Identify system packages beyond ffmpeg and git, if any.
Decide whether custom nodes are vendored in custom_nodes/ or installed by pinned git URL during bootstrap.
Decide where model files are downloaded and cached in the Space.

Add scripts/bootstrap_comfy.py.
Add scripts/run_comfy.py.
Add scripts/workflow_client.py.
Install or prepare ComfyUI on Space startup.
Add bootstrap support for installing custom node dependencies.
Add opt-in model directory preparation and download commands.
Verify ComfyUI can start locally in the Space in CPU mode.
Verify ComfyUI can start from a Gradio @spaces.GPU function and report CUDA through /system_stats.
Verify ComfyUI_AudioTools imports successfully in the Space after adding its missing system and Python dependencies.
Verify ComfyUI API endpoints are reachable:
- /system_stats
- /upload/image or the audio upload equivalent used by LoadAudio
- /prompt
- /history/{prompt_id}

Add Python-side patching for node 16 LoadAudio.inputs.audio.
Add Python-side patching for node 105 api_key from DEEPSEEK_API_KEY.
Add Python-side patching for node 105 api_baseurl.
Add Python-side patching for node 105 model.
Add Python-side patching for node 110 target language.
Add unique job-specific output prefixes for node 180 and node 214.
Decide which user controls are exposed first:
- source language
- target language
- LLM model
- max input duration
- keep or drop background audio
Remove or ignore display-only easy showAnything nodes if they are not needed for API execution.

Replace the placeholder app.py with the first VoiceGate interface.
Add short audio upload input.
Add target language input.
Add status/log output.
Add generated audio output.
Add generated SRT file outputs.
Wrap GPU-heavy execution with @spaces.GPU(duration=...).
Add and run a minimal GPU smoke test button.
Keep a diagnostics tab for internal workflow tests.
Add automatic model-path preparation for the user-facing run path.
Add user-facing TTS segment trim control for node 268 TrimAudioDuration.start_index.
Add guardrails for file type and duration.

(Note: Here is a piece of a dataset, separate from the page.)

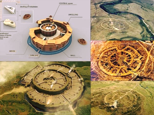 Pozůstatky města Arkaim byly nalezeny roku 1987 uprostřed pusté stepi jižního Uralu, daleko od železničních a silničních cest asi 450 km od Čeljabinsku. Průzkum lokality zahájili archeologové z Čeljabinské univerzity, kteří odkryli ruiny starověkého města a pomocí radiouhlíkové metody stanovili stáří zhruba na 4000 let. Vykopávky nejprve odkryly části zdí, které byly silné 4,5 - 6 metrů, před každou stěnou byl vyhlouben příkop. Arkaim byl okrouhlý s vysokými věžemi a zvnějšku obložený barevnými glazovanými cihlami. Obydlí byla schována za mohutnými obranými stěnami, postavenými z hlíny a dřeva. Oproti tehdejším civilizacím na jihu je zde kámen využíván jen velmi zřídka, pouze u menhirů. Mohutné lichoběžníkové domy byly plánovitě sestaveny jeden vedle druhého, jako loukotě u kola. Po střechách obydlí (ve výšce 3,5 m) vedla cesta pro pěší a vozy. Díky této soustavě vrchních a spodních ulic, vstupních otvorů na střechách domů, se mohl člověk dostat co nejkratší cestou na libovolné místo. Tloušťka stěn domů činila 60 cm a mezi domy nebyly žádné dveře ani průchody, pouze schodiště. Uprostřed města se nacházelo náměstí, patrně určeno pro náboženské obřady. Zachovali se dvě okrouhlé obrané stěny zapasované jedna do druhé, byla tu i třetí, která opásala sídliště v řadě břehové linie, utvořené říčkami Velkou Karagankou a Utjagankou. Archeologické výzkumy odhalily kanalizační soustavu; byly prozkoumány části vodovodu ze dřevěných trubek omáznutých hlínou.

Start Space and confirm Gradio loads.
Start ComfyUI from the Space process.
Submit a minimal prompt to ComfyUI and receive a response.
Submit a minimal prompt to ComfyUI from the Gradio GPU runtime and receive a response.
Run a DeepSeek LLM node smoke test.
Run a MelBand RoFormer smoke test.
Run a MelBand RoFormer smoke test inside ZeroGPU.
Run a tiny TTS-only workflow inside ZeroGPU.
Run a short ASR-only workflow inside ZeroGPU.
Verify the Space API workflow connection graph against VoiceGate/workflows/VoiceGate-Workflow.json.
Run SRT split -> VoxCPM -> SRT merge.
Run the full short-audio VoiceGate workflow on the personal T4 Small Space.
Run the full short-audio VoiceGate workflow on the organization ZeroGPU Space after quota recovers.
Confirm output audio is downloadable/playable from Gradio.
Confirm SRT files are downloadable from Gradio after redeploy.

Which exact node repository provides RH_LLMAPI_NODE?
Which exact node repository provides RunningHub_VoxCPM_*?
Is flash_attention_2 available and reliable in the ZeroGPU environment?
Can ASR run without flash_attention_2? Yes. The ASR-only smoke test used attention=sdpa.
Does VoxCPM2 fit comfortably in ZeroGPU memory with ASR and MelBandRoFormer in the same run? A full run reached the heavy nodes but timed out at the 800s app wait window; the next shortened retry was blocked by ZeroGPU quota before execution.
Can a full short-audio workflow run on T4 Small? Yes, on the duplicated personal Space with a warm ComfyUI process, the test completed in 24.4s.
How do we avoid user-facing failure after hardware changes? The user path now checks required model paths and runs bootstrap_comfy.py --with-models before submitting to ComfyUI.
Where should large model files live? /data/voicegate_models, with symlinks into ComfyUI's expected model directories.
Should the first public demo disable background separation to reduce runtime and memory pressure?
What maximum uploaded audio/video duration should the first version allow?
Can SSH access the ZeroGPU CUDA device directly? No. SSH enters the normal running Space container without CUDA; GPU work must run inside a @spaces.GPU function.
Has the Space successfully invoked ZeroGPU CUDA from Gradio? Yes. The gpu_smoke_test button returned cuda_available=True on one CUDA device.